More than once while switching between news channels, have I been fooled by Yogi Adityanath’s devious, deceptive trick. What appears to be a news story about the ‘extraordinary’ success of his government in dealing with Covid is not a news story at all, but you only find this out if you spot ‘impact feature’ written in an obscure corner. The first time I came upon this deceitful self-promotion film was when pictures of corpses floating in the Ganga first appeared. Soon after came reports by some of the world’s best reporters of shallow graves on the river’s sandy banks and proof from crematorium data that the Yogi government was lying about the death toll. Through it all, the Chief Minister continued to calmly tell lies about how 70 teams were wandering in the villages and going house-to-house to test for Covid. He lied brazenly about there being no shortage of beds or oxygen in his hospitals, and now the latest version of his propaganda film claims that Uttar Pradesh is vaccinating its huge population faster than any other state.

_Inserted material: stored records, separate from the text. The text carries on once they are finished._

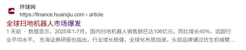据环球网报道今年1月至7月,扫地机器人在全国的销售额超过了106亿元人民币,相比去年同期暴涨了40%。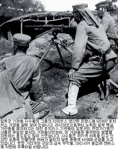 일본인들 역시 전쟁 즈음에는 비교적 적은 수의 기관총을 일선부대에 장비하고 있었지만, 얼마 지나지 않아 그 수를 늘릴 필요성을 느꼈습니다. (일본군들은 압록강 전투에서 몇대의 러시아군 맥심기관총을 노획한 후, 그 옛 주인들을 상대로 사용하기도 했습니다.) 일본군은 1900년에 있었던 의화단의 난 때 프랑스제 호치키스 M1897 기관총을 접할 기회가 있었습니다. 일본은 얼마 뒤 이 기관총의 생산 라이센스를 취득한 후, 도쿄의 공장에서 생산에 들어갔습니다. 몇달 후 전쟁이 터졌을 때 각각의 일본군 사단은 24대의 기관총 (기관총은 사단장의 직접적인 지휘하에 놓여 있었습니다.) 을 보유할 수 있었으며, 전쟁을 통해 이 무기의 유용성이 확인되면서 많은 일본군 장교들이 기관총의 사용규모를 두고 열띤 논쟁을 벌이기도 했습니다.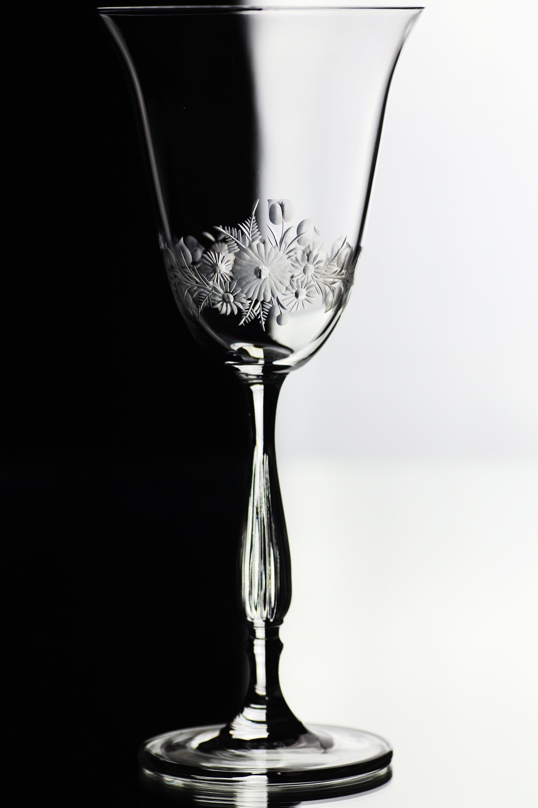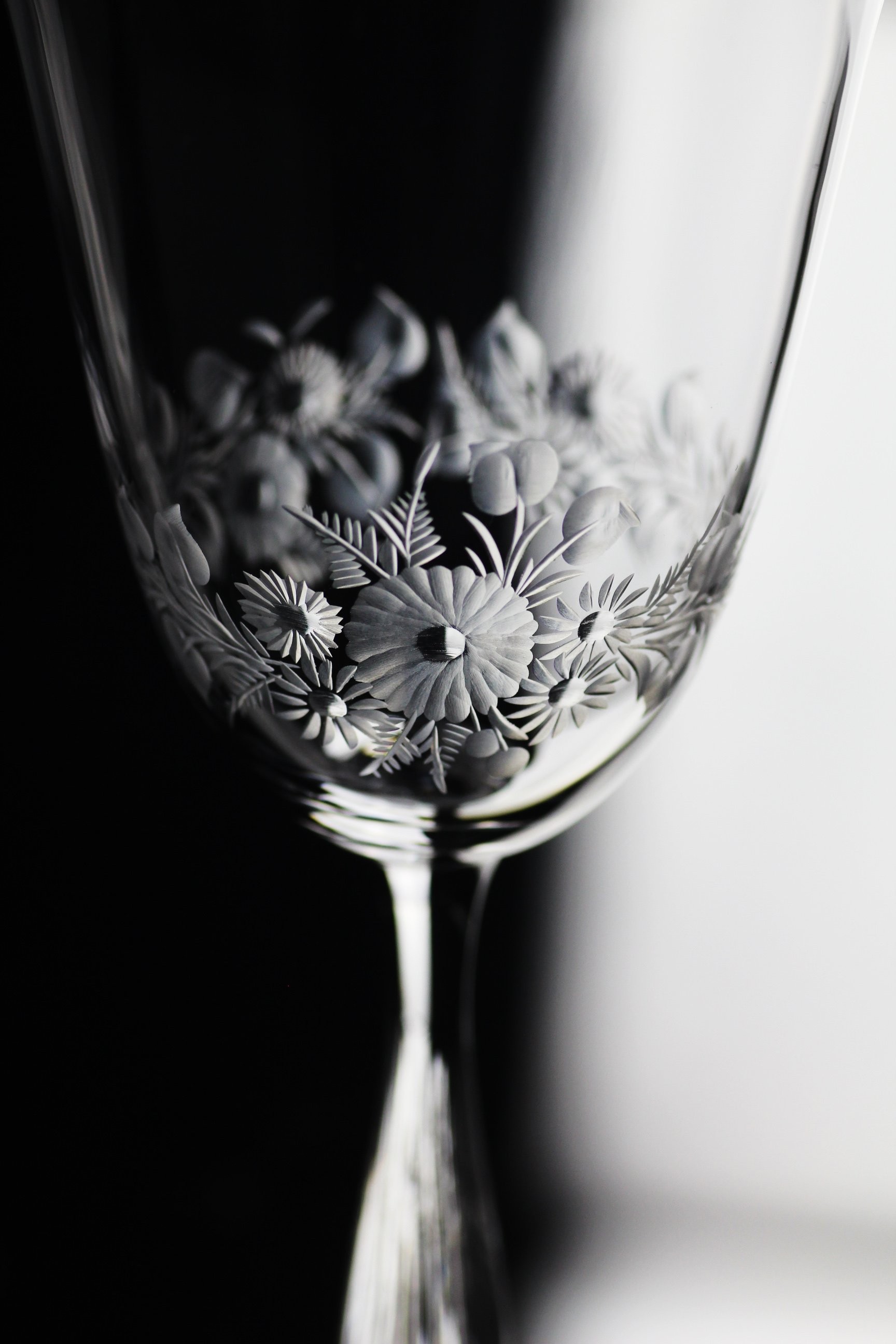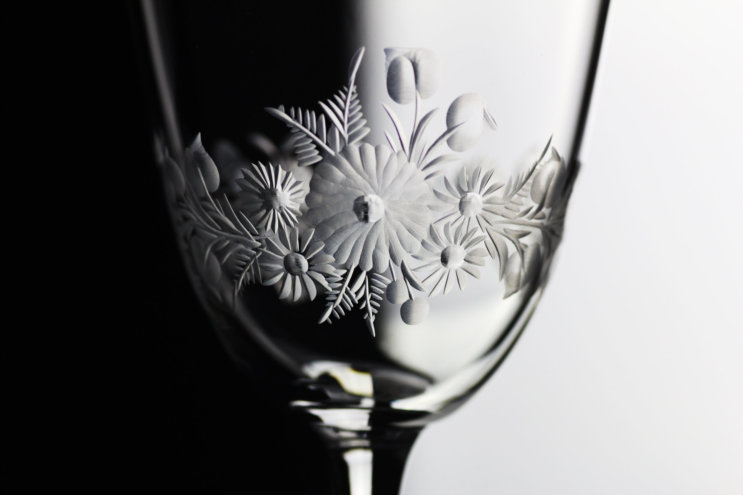 Zvonkový tvar kalichu, zdobná nožka – co zbývá – snad už jen jemný rytý detail věnečku z drobných kvítků. Tento rozkošný motiv působí spíše jako šperk v podobě prstenu.

When I listened to the Prime Minister’s speech last week, I saw him make a similar attempt to use denial to distract from reality. Modi began by saying that till he took office in 2014 only 60 per cent of India had been vaccinated. If this were true, we would not have been able to eliminate smallpox and polio. He then declared that he first changed his vaccination policy at the request of chief ministers and was taking charge of vaccine procurement once more because state governments had failed. The truth is that when it was discovered at the height of the second Covid wave that India was desperately short of vaccines, his Vaccination Task Force hastily passed the problem onto state governments. Why nobody in this task force has been sacked yet is a question that this column has asked before and will continue to ask till heads roll.
The truth is that the Prime Minister himself only realised the desperate need for vaccinations after the second Covid arrived ferociously, and his first response was a gimmick. He declared that there would be a Vaccination Utsav for four days from April 11. He boasted that we had defeated the first Covid wave without vaccines. Then he left it to members of his task force to act as spokesmen and all they did was make tall claims about how everyone would be vaccinated by December. If they do somehow manage to procure 216 crore doses by then, how are they going to get them into people’s arms?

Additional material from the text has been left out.